The Vuelta a España is an annual road bicycle race. Established in 1935 by the Spanish newspaper Informaciones, the Vuelta is one of cycling's three "Grand Tours", along with the Tour de France and the Giro d'Italia. Initially, the race was held in April/May, but in 1995 it was moved to September. The race usually covers approximately 3,500 kilometres (2,200 mi), although this has varied, passing through Spain and countries with a close proximity in Europe. The race is broken into day-long segments called stages. Individual finishing times for each stage are totalled to determine the overall winner at the end of the race. The course changes every year, but has traditionally finished in Madrid.
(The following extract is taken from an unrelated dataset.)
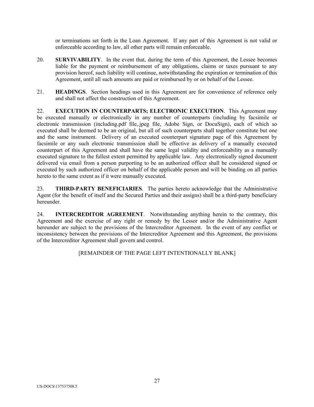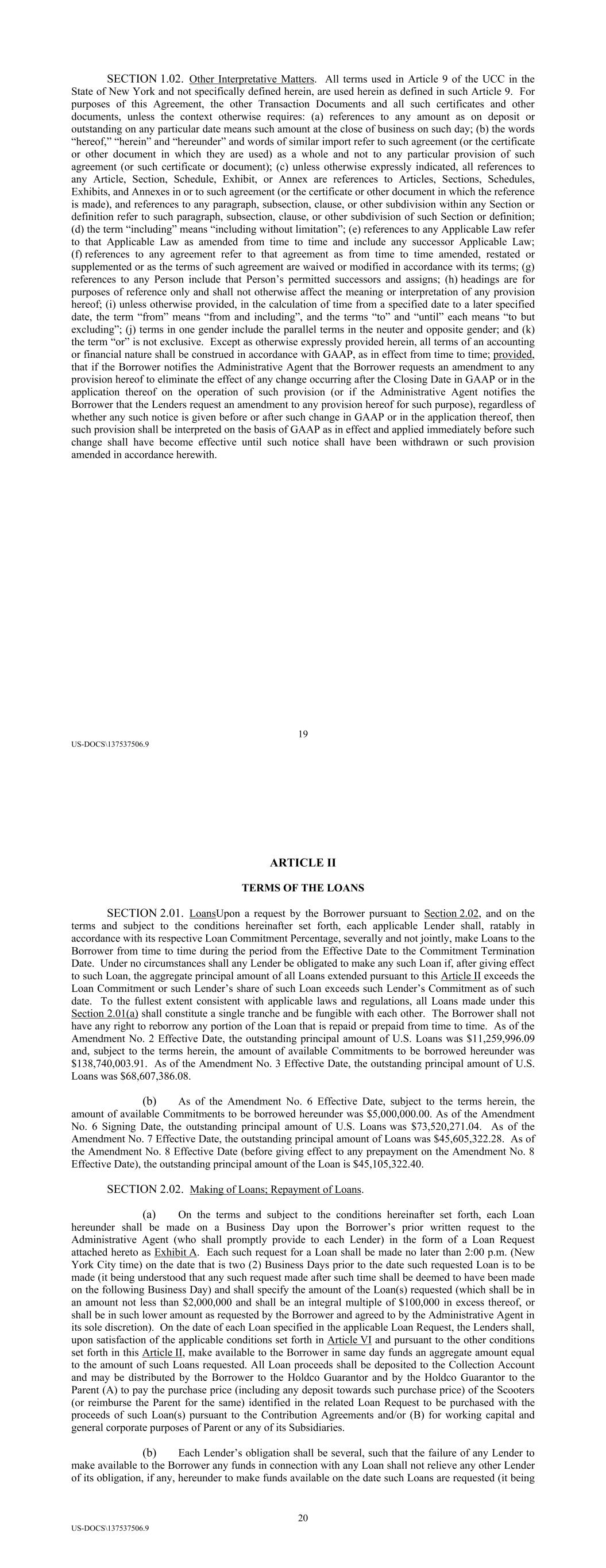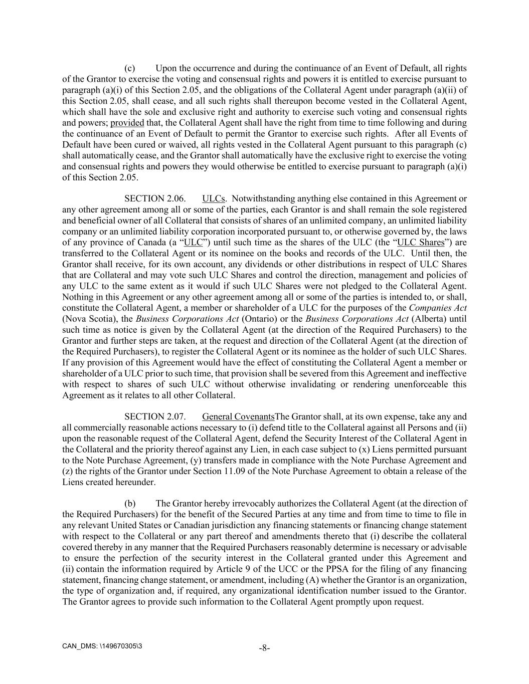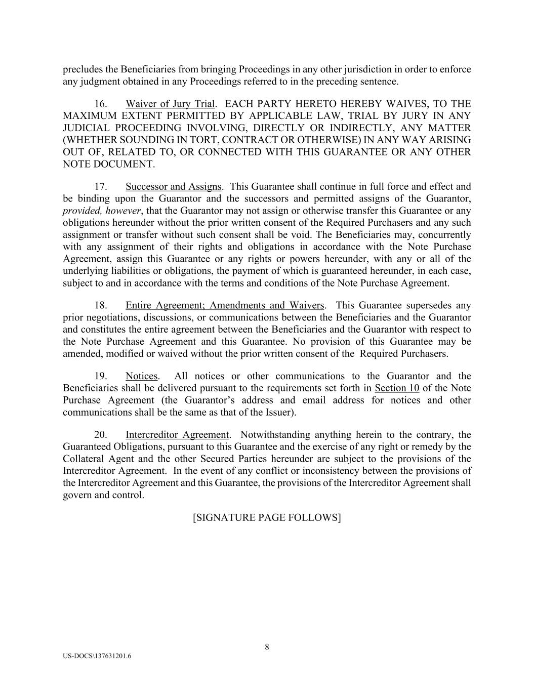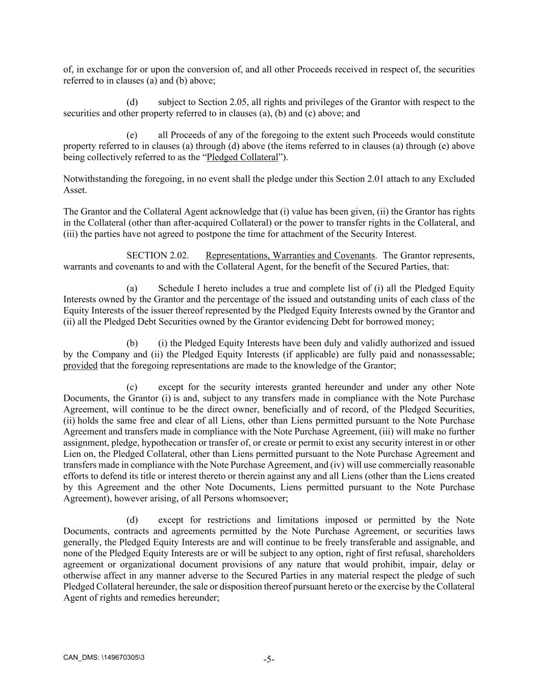 that certain guarantee, dated as of the Closing Date (the “Opco Guarantee”), by Bird Opco in favor of the Collateral Agent and the Note Purchasers, (ii) Bird US Holdco, LLC, an indirect subsidiary of the Company (“Bird Holdco”), pursuant to that certain guarantee, dated as of the Closing Date (the “Holdco Guarantee”), by Bird Holdco in favor of the Collateral Agent and the Note Purchasers, (iii) Bird Rides International Holding, Inc., an indirect subsidiary of the Company (“Bird Rides International”), pursuant to that certain guarantee, dated as of the Closing Date (the “Bird Rides International Guarantee”), by Bird Rides International in favor of the Collateral Agent and the Note Purchasers, and (iv) Bird Canada and the Purchaser, pursuant to that certain guarantee, dated as of the Closing Date (the “Bird Canada Guarantee”), by Bird Canada and the Purchaser in favor of the Collateral Agent and the Note Purchasers. The Notes are guaranteed on a senior unsecured basis by Bird Rides, Inc., a direct wholly owned subsidiary of the Company (“Bird Rides”), pursuant to that certain guarantee, dated as of the Closing Date (the “Bird Rides Guarantee”), by Bird Rides in favor of the Collateral Agent and the Note Purchasers. The obligations of the Notes are secured, pursuant to the Note Purchase Agreement, the Opco Guarantee, the Holdco Guarantee and the Bird Rides International Guarantee, as well as pursuant to (x) that certain pledge agreement, dated as of the Closing Date (the “Canadian Pledge Agreement”), among the Company and the Collateral Agent and (y) that certain pledge and collateral agreement, dated as of the Closing Date (the “Canadian Collateral Agreement”), among Bird Canada, the Purchaser and the Collateral Agent, (i) on a first-priority basis by all of the equity of Bird Rides, Bird Canada and the Purchaser, as well as substantially all assets of Bird Canada and the Purchaser and (ii) on a second-priority basis, subordinated to the secured obligations of the Amended Loan Agreement (as defined below), by all of the equity of Bird Opco, substantially all assets of Bird Holdco and Bird Opco and 65% of the equity of Bird Rides Europe B.V., an indirect subsidiary of the Company.
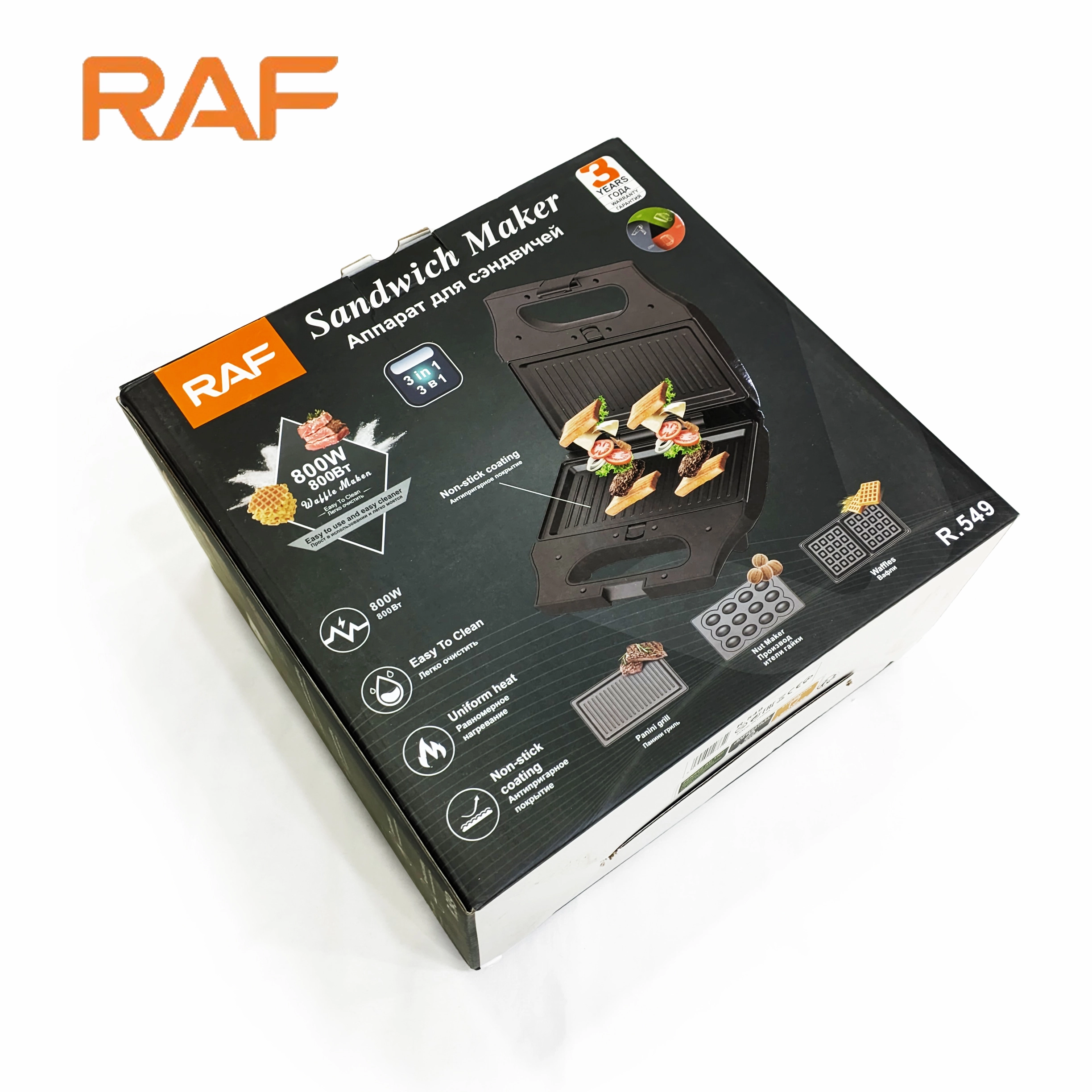 Introducing the versatile RAF 3-in-1 Sandwich & Panini Grill, Waffle Maker, Nut Maker R.549 priced affordably. This multipurpose appliance is a must-have for every kitchen, combining the functionalities of a panini cooker, grill panini sandwich maker, and sandwich toaster in one convenient device.

Individual times to finish each stage are totalled to determine the winner of the general classification at the end of the race. The rider with the lowest aggregate time at the end of each day wears the leader's jersey. Since 2010 this has been a red jersey; previously it was gold. Other classifications have been calculated: those still in use are the points classification, in 2010 represented by a green jersey; the mountains classification, in 2010 represented by a blue dotted jersey; and the young rider classification, in 2019 represented by a white jersey.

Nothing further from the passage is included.